Glauben Sie, es wird etwas Nachhaltiges entschieden?

Das ist jetzt Sache von Herrn Bouffier und der Politik. Aber ich hoffe, dass wir alle eine Schlussfolgerung aus der Tat ziehen. Dass wir Nächstenliebe im Alltag zeigen und den anderen sagen: Wenn was ist, helfe ich dir, wir halten zusammen. Das wünsche ich mir.

Derzeit reden alle fast nur noch über das Corona-Virus. Droht da das Schicksal der Anschlagsopfer in den Hintergrund zu rücken?

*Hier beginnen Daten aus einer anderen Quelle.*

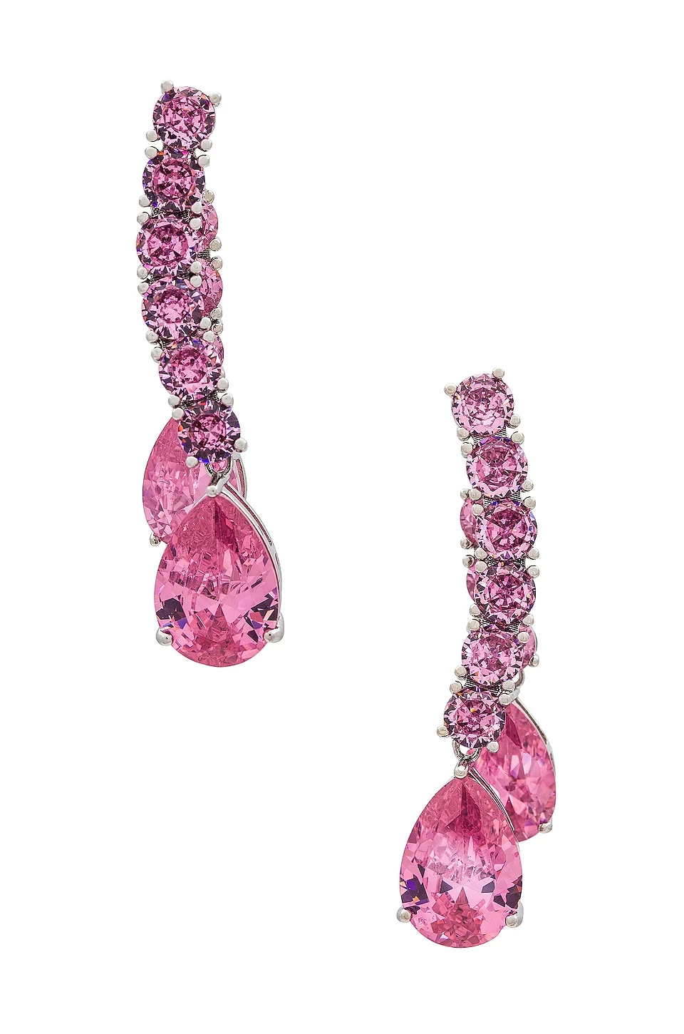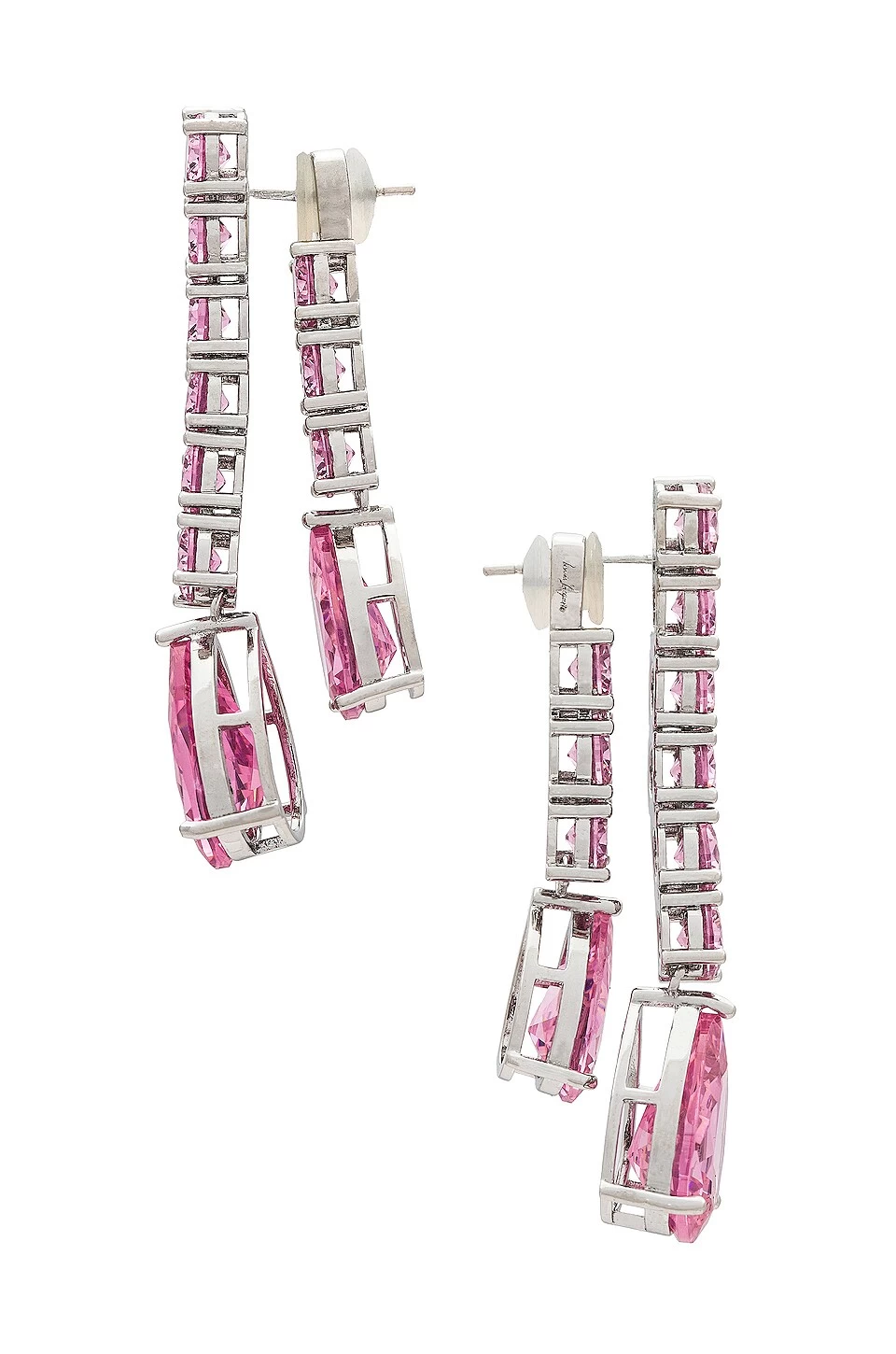 - Silver-tone metal with pink crystals

Diese Entwicklung kommt natürlich zur Unzeit. Das Leid der Betroffenen wird in der derzeitigen Situation nicht kleiner, eher sogar größer, einer noch weiteren Herausforderung ausgesetzt. Deshalb ist es wichtig, die Anschlagsopfer im Blick zu behalten. Bisher aber tun das die Behörden, zum Glück. Wir jedenfalls im Kernteam bleiben dran, machen auch von daheim aus weiter. Gleichwohl macht es das wahrlich nicht einfacher, weil das Soziale und Gespräche dringend anstünden und Distanz, auch wenn nun richtig und nötig, eigentlich gerade nicht förderlich ist.

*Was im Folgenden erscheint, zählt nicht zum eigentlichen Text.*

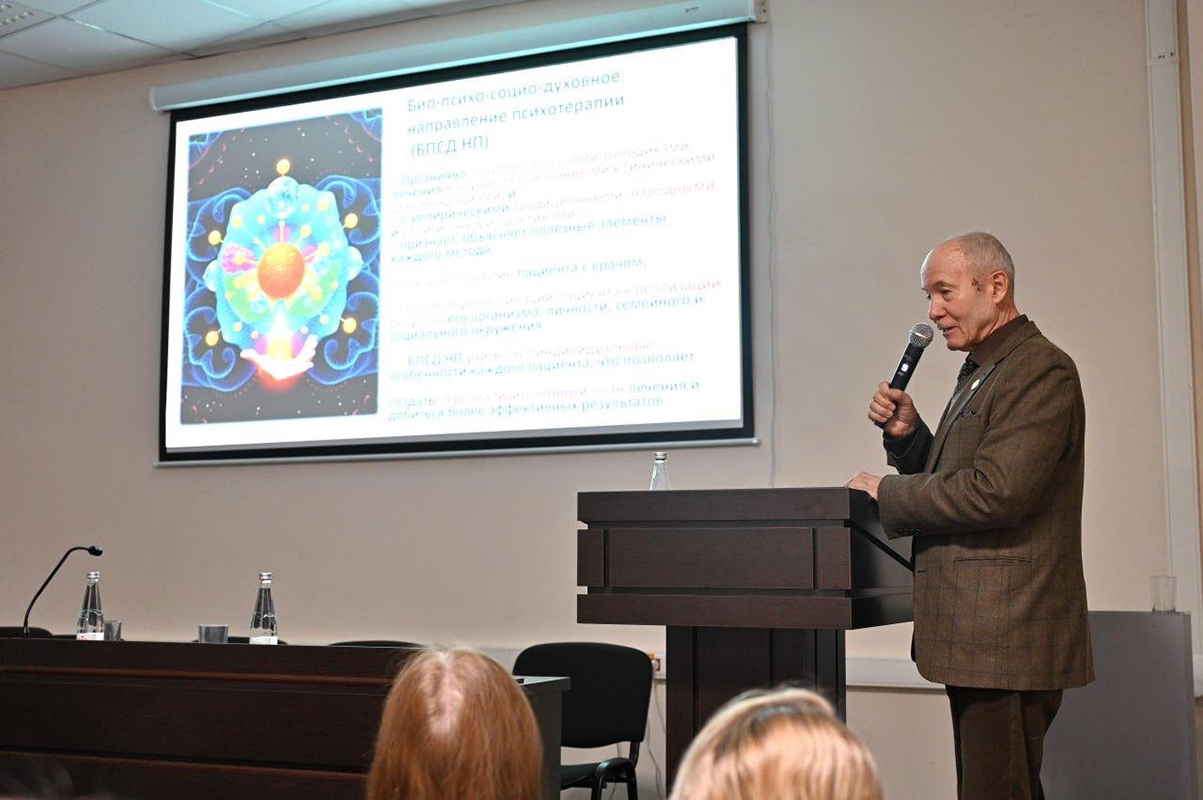 В конференции принял участие с докладом автор концепции био-психо-социо-духовной модели человека, д.м.н., профессор кафедры психотерапии и наркологии Казанской государственной медицинской академии — филиала ФГБОУ ДПО РМАНПО Минздрава России, Заслуженный врач Республики Татарстан, академик Международной академии психологических наук Анатолий Михайлович Карпов.

Bei dem Pensum, das Sie gerade absolvieren: Wie geht es Ihnen dabei eigentlich?

Ich erlebe gerade die außerordentlichsten Tage meines Berufslebens, auch über körperliche Grenzen hinaus, das stimmt. Aber man funktioniert in diesen Momenten, macht immer weiter. Zwischendrin hatte aber auch ich Heulkrämpfe. Ich habe mir zuletzt nun Erholungsphasen verordnet. Denn ich werde noch viel Luft brauchen. Diese Aufgabe wird ein Marathon, die Opfer werden noch sehr lange Hilfe brauchen. Und ich will ihnen dabei zur Seite stehen.